Some brief updates from the forge:

  • Tech is going well. That’s the sound playback software LCS you’re seeing there. It’s pretty sweet - it’s the secret behind the complex sonic routing of things like Disney World, cruise ships, Cirque, and, well, the Goodman.
  • You have like three days left to see Vivian Girls. Run, don’t walk, to Theater on the Lake at 7pm. I’m probably going to refrain from actually reviewing work on this blog, because 9 times out of 10 I have some sort of relationship or investment in the shows that I would review, but this show stands out. Dog & Pony’s opus isn’t simply a show - it’s an entire emerging genre of performance, and whether you like the show or not (you will) you’ll leave with your head abuzz with possibility. And no, you won’t be weirded out by the masks. You’ll dig it. Scout’s honor.
  • The push is on for the Chicago Theater Database. Dan Granata and I have met with a number of interested parties, and it looks like the database will be beneficial to a large number of projects - and the Chicago community at large - without stepping on too many toes. As a result, I’ve taken the plunge to learn a new web development language, Ruby on Rails to simplify the development of the database. My head is swimming right now in: rake db:migrate Lions, script/generate model Tigers, and script/destroy controller Bears, Oh:My! If you’re interested in the project and less in the building of it, send a note. Why should you care? Because data is important: it helps us learn and know things for sure. Update: No, seriously, our data is important.

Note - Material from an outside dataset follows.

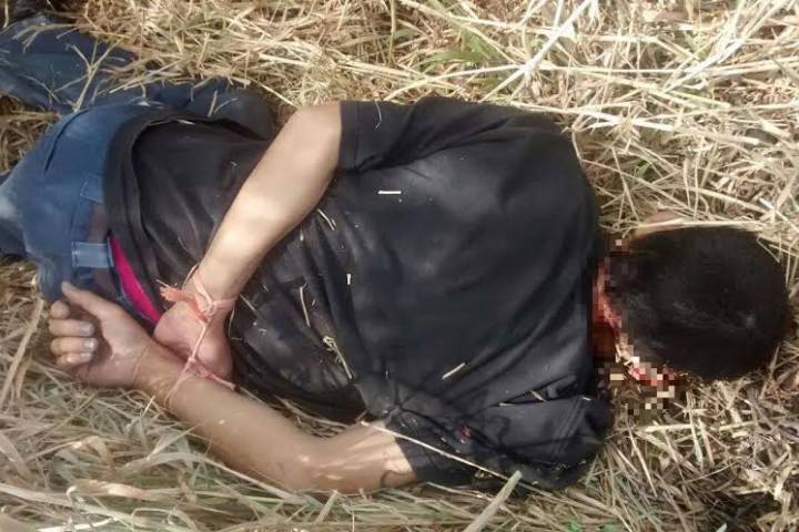 El cadáver de un hombre que fue ejecutado de un balazo en la cabeza fue hallado tirado en un terreno que está frente a unas canchas de fútbol, el fallecido estaba maniatado, tenía los ojos tapados con unos trapos y sus victimarios le dejaron un letrero, el cual es materia de investigación por parte del personal de la Fiscalía Regional de Justicia.

  • The 10 scripts are in for “Cherubs,” a theater training program at Northwestern I’ve taught at for the past five years - a program that has been formative for me as a designer and a teacher. I’ll be designing these 10 shows in July with the assistance of 160 brilliant high schoolers from across the country (and sound designer/composer extraordinaire Steve Ptacek). Preproduction for 10 fully produced repertory shows built and run by teenagers is obviously an undertaking, of course. So those scripts and concepts have started swimming around in the kiddy pool of my brain with the Ruby and the LCS.
  • So, as this season prepares to comes to a close, I’m finding myself knee-deep in delicious theater smoothie. Set to frappe. I’m glad I’ve got momentum as I ride around in the blender - and a full plate of projects that I think will do a lot of good for me, us, and the kids respectively. But of course it all means that posting here will continue to be spotty through June, and then blip out entirely in July as I pull daily allnighters - kind of like that period of radio silence as you round the dark side of the moon. But never fear - the summer always has this gravitational pull that flings me back out the other side with a new kind of velocity.